--- YOUR GOAL ---
Return the lines that run from the beginning of the entries to the line holding "- 1986년 88서울올림픽 우표 전지, 시트, 안내카드 등", inclusive, and drop the pictures.

--- SUPPLIED INFORMATION ---
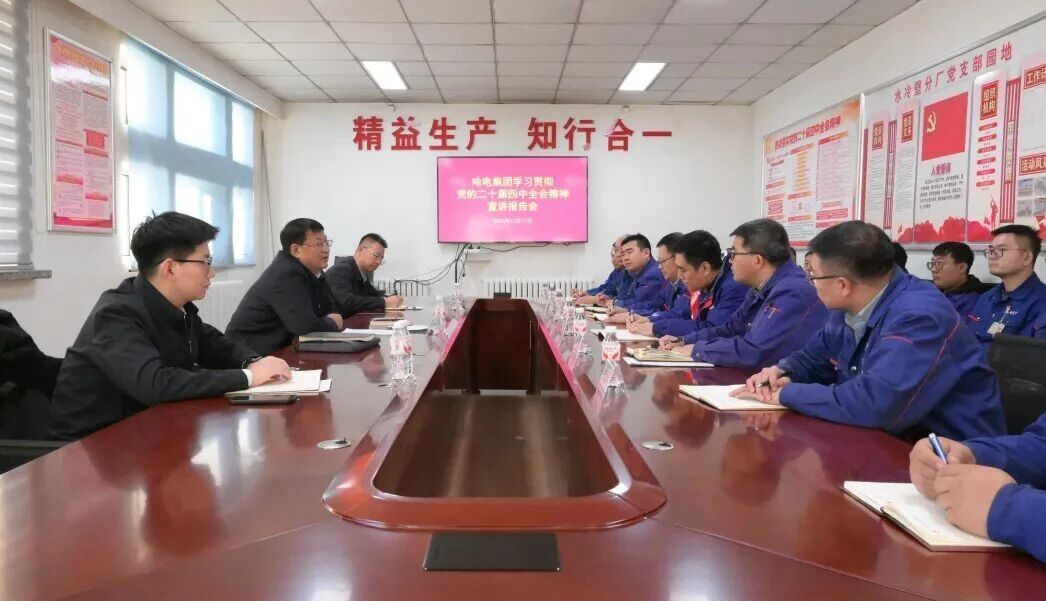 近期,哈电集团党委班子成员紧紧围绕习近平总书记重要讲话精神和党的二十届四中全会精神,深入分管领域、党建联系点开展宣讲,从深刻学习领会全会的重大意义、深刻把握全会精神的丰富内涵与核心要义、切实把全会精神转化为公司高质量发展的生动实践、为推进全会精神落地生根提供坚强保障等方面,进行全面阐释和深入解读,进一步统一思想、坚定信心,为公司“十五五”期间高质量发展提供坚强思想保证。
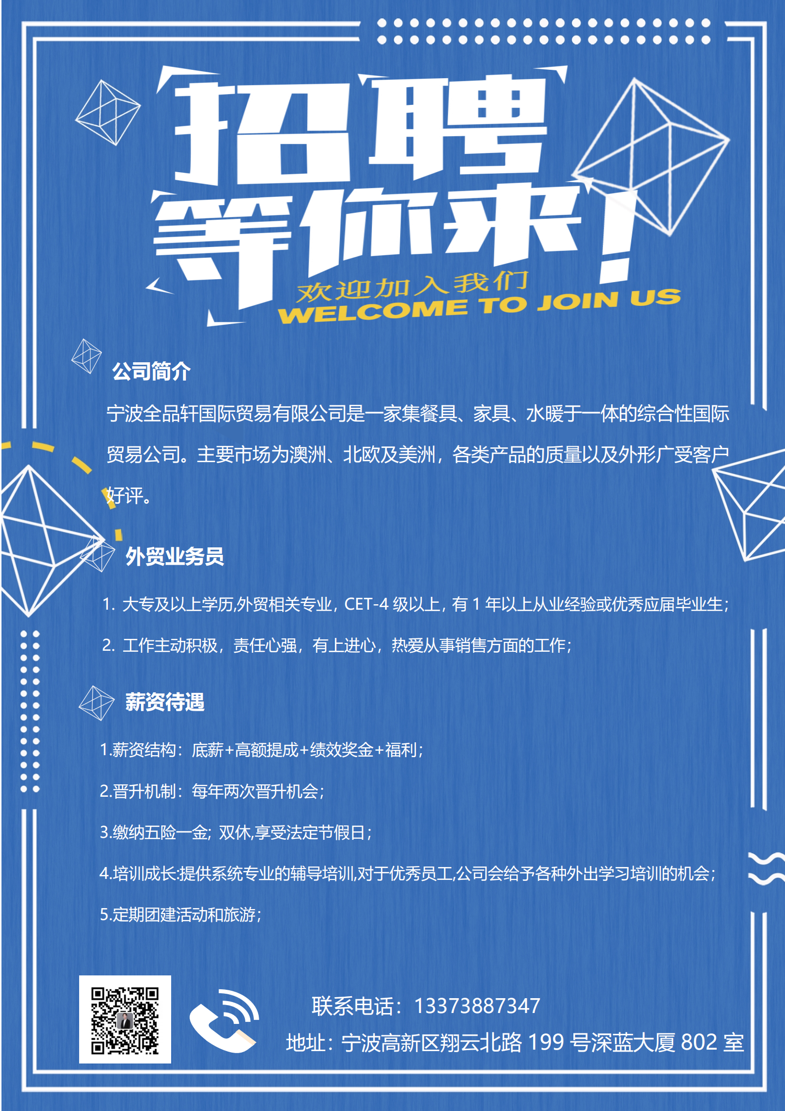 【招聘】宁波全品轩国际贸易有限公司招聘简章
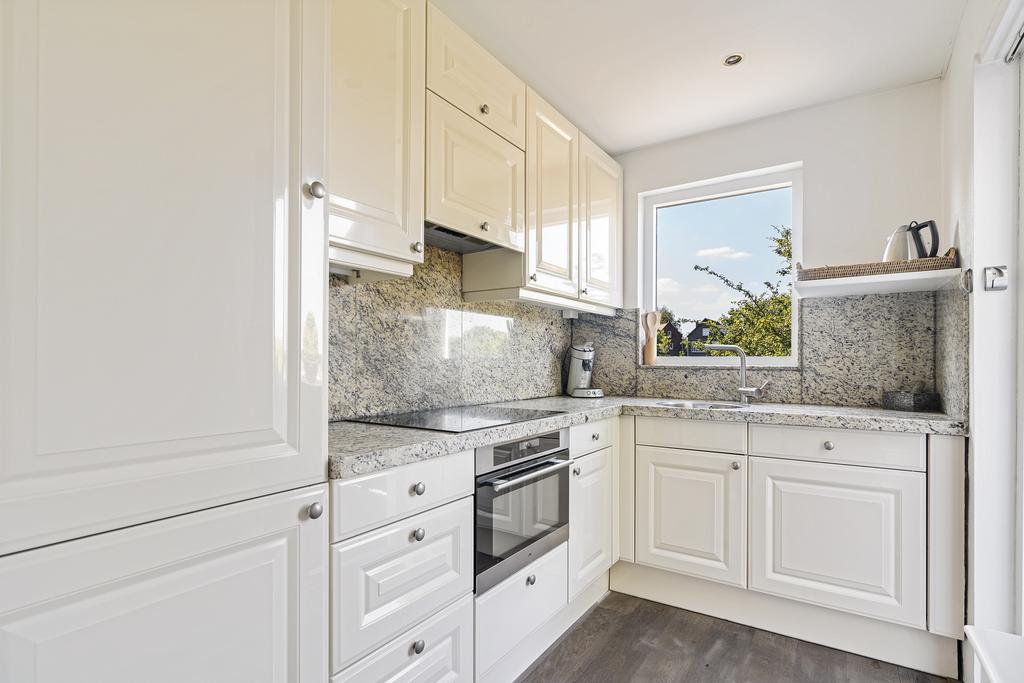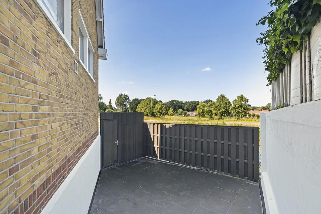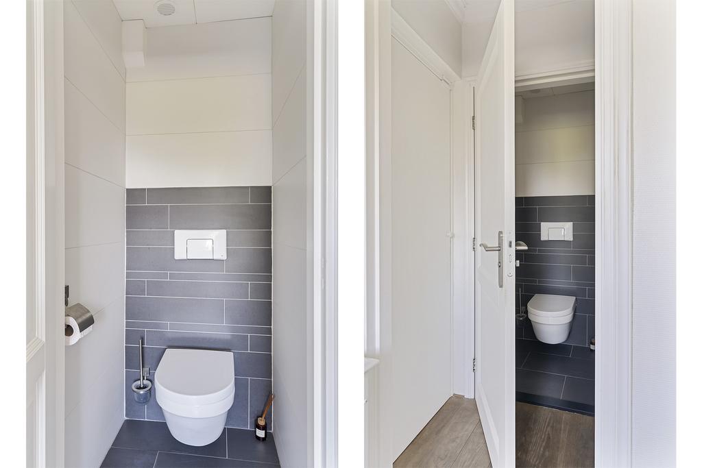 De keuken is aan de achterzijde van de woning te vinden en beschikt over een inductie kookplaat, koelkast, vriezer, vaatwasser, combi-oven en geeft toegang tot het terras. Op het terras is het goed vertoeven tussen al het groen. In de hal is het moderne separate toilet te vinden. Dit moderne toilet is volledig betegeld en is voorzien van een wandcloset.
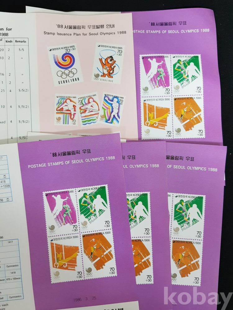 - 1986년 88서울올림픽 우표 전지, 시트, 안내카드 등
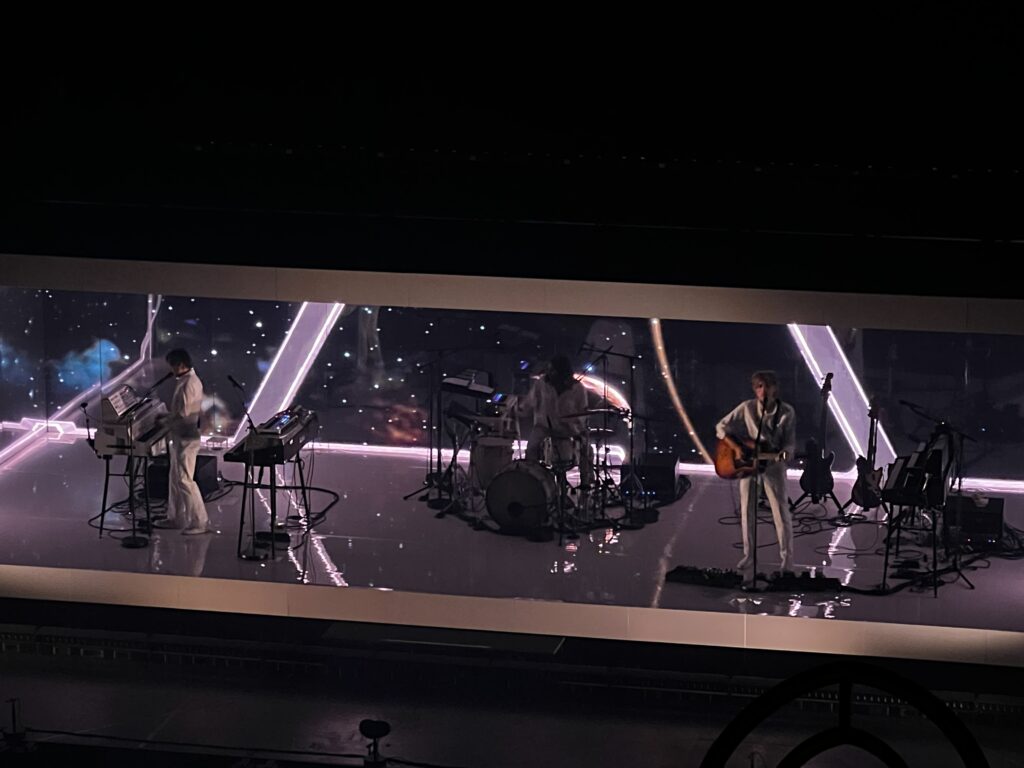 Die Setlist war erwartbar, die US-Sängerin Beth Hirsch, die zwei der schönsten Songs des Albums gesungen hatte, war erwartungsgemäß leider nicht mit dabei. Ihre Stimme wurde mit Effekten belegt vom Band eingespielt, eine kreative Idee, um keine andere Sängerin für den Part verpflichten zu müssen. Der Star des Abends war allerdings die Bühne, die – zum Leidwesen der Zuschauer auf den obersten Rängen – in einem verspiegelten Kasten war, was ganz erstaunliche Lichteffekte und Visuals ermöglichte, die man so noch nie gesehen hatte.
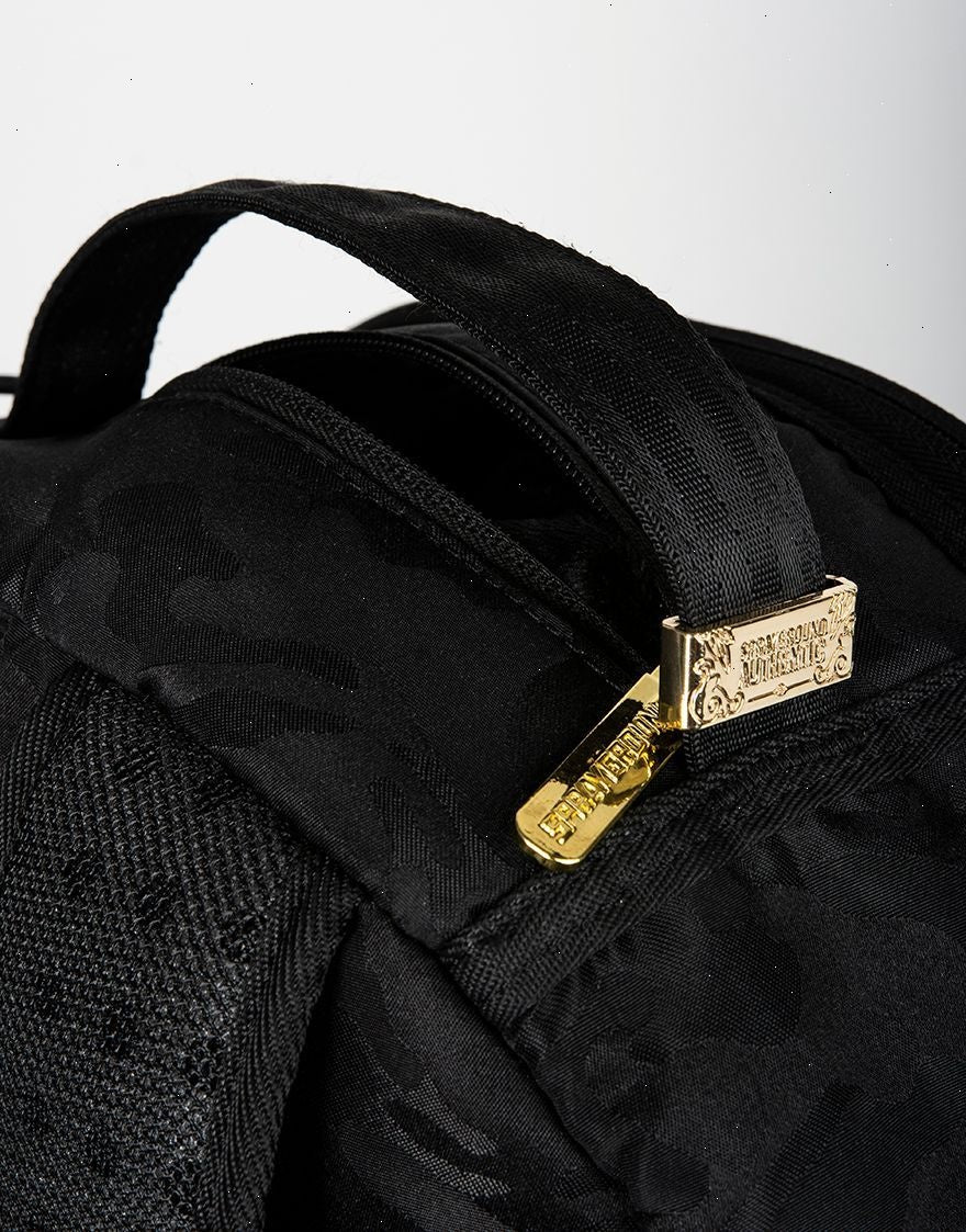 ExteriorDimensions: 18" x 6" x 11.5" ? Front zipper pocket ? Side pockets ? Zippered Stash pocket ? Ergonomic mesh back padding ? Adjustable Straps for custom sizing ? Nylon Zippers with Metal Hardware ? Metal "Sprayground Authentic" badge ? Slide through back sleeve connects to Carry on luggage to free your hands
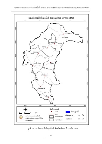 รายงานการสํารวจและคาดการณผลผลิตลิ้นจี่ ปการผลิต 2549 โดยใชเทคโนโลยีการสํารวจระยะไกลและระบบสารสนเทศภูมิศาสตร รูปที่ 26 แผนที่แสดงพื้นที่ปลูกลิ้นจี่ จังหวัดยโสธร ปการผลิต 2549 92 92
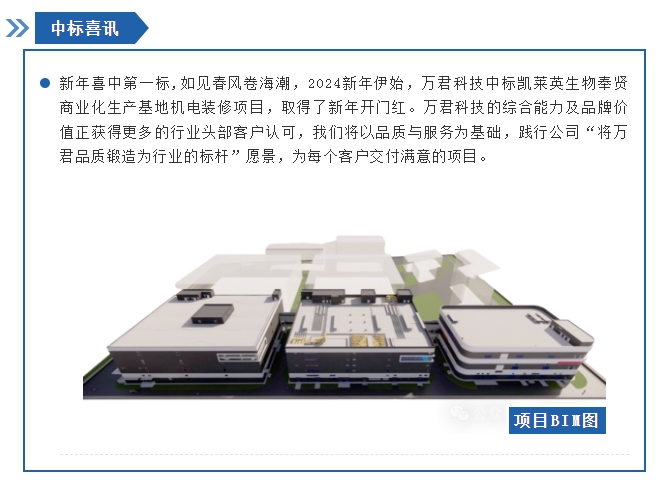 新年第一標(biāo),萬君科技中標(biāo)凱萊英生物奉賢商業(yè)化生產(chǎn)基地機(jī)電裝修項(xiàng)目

--- WRITTEN RESPONSE ---
 近期,哈电集团党委班子成员紧紧围绕习近平总书记重要讲话精神和党的二十届四中全会精神,深入分管领域、党建联系点开展宣讲,从深刻学习领会全会的重大意义、深刻把握全会精神的丰富内涵与核心要义、切实把全会精神转化为公司高质量发展的生动实践、为推进全会精神落地生根提供坚强保障等方面,进行全面阐释和深入解读,进一步统一思想、坚定信心,为公司“十五五”期间高质量发展提供坚强思想保证。
 【招聘】宁波全品轩国际贸易有限公司招聘简章
 De keuken is aan de achterzijde van de woning te vinden en beschikt over een inductie kookplaat, koelkast, vriezer, vaatwasser, combi-oven en geeft toegang tot het terras. Op het terras is het goed vertoeven tussen al het groen. In de hal is het moderne separate toilet te vinden. Dit moderne toilet is volledig betegeld en is voorzien van een wandcloset.
 - 1986년 88서울올림픽 우표 전지, 시트, 안내카드 등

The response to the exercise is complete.